The Blackberries were picked fresh when I got down to Oregon.  We went down to the docks and bought the Tuna fresh.  Grandmas neighbor came over the day after I got their and brought me a gallon of strawberries she grew.  I bought the peaches from a store while I was down their.

Made a pretty good haul.  Can't wait til I put a tag on something this year so I can can some of that too. 
Title: Re: Canned Meat.
Post by: robb92 on September 03, 2008, 09:32:04 PM
Now you all got me thinking of trying this with a deer this fall.
Title: Re: Canned Meat.
Post by: mlgunkel on October 17, 2008, 11:47:36 AM
Anybody know what canning does to the nutritional value of the food?
Title: Re: Canned Meat.
Post by: billythekidrock on October 17, 2008, 12:31:32 PM
Anybody know what canning does to the nutritional value of the food?

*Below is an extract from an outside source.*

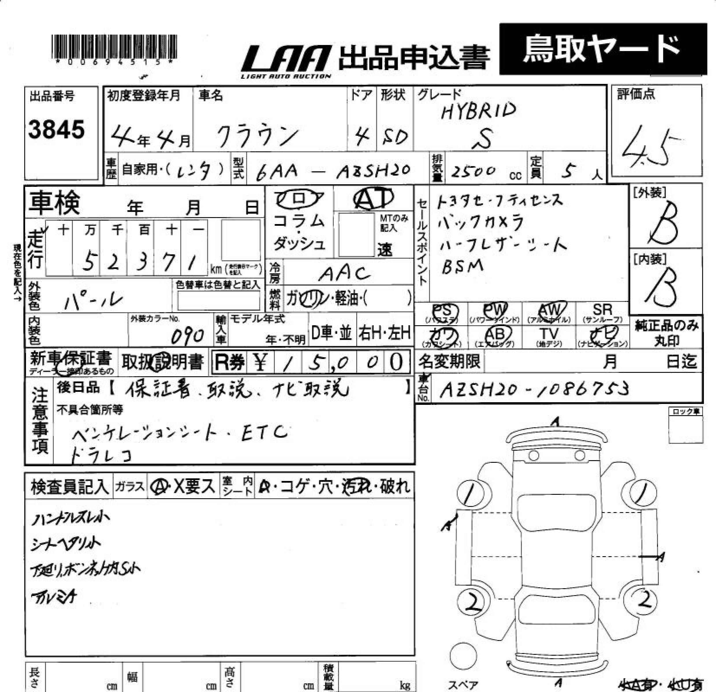 TOYOTA CROWN HYBRID S - лот 3845

I would imagine that it does little to devalue it. Maybe over many years it will degrade.   :dunno:
Title: Re: Canned Meat.
Post by: big ed on April 17, 2009, 06:43:42 PM
AFTER READING THIS ,I NEED TO TO START DOING SOMETHING I HAVE'NT DONE IN YEARS.MAY START WITH THE GARDEN AND END WITH SALMON OR SOMETHING.CANNING A GOOD WAY TO KEEP THE PANTRY FULL OF GOOD STUFF NOT THAT GARBAGE FROM THE STORE.BESIDES THE KIDS WILL LEARN SOMETHING FROM THE PAST.  YEA I"M A YOUNGSERT TO AT 52 .
Title: Re: Canned Meat.
Post by: ICEMAN on April 17, 2009, 08:19:29 PM
Great big ed!  A pretty fun way to enjoy your bounty all year!
Title: Re: Canned Meat.
Post by: NRA4LIFE on April 20, 2009, 08:44:18 AM
I'm 45 and have been canning meat for 20 years or better.  I can some every year.  Saves room in the freezer and tastes outstanding.  I also can just about everything from my garden.  Beans, corn, tomatoes, pickles, salsa, numerous varieties of hot peppers, pickled asparagus, etc.  Will be canning a boatload of humpies this year, both smoked and not.  I also can a lot of dungeness crab and tried Razor clams for the first time this year (way yummy, thanks ICEMAN).

I can venison 3 different ways.  The first, I add about a tablespoon of Lipton onion soup mix to a pint.  This is my personal favorite.  The second, I add about a tablespoon of taco seasoning to the pints.  Very tasty in tacos, burritos, etc.  The third, I add a pinch of oregano, basil, thyme and crushed fennel seed to the pints.  This makes an instant spaghetti-meat sauce.  All these are great.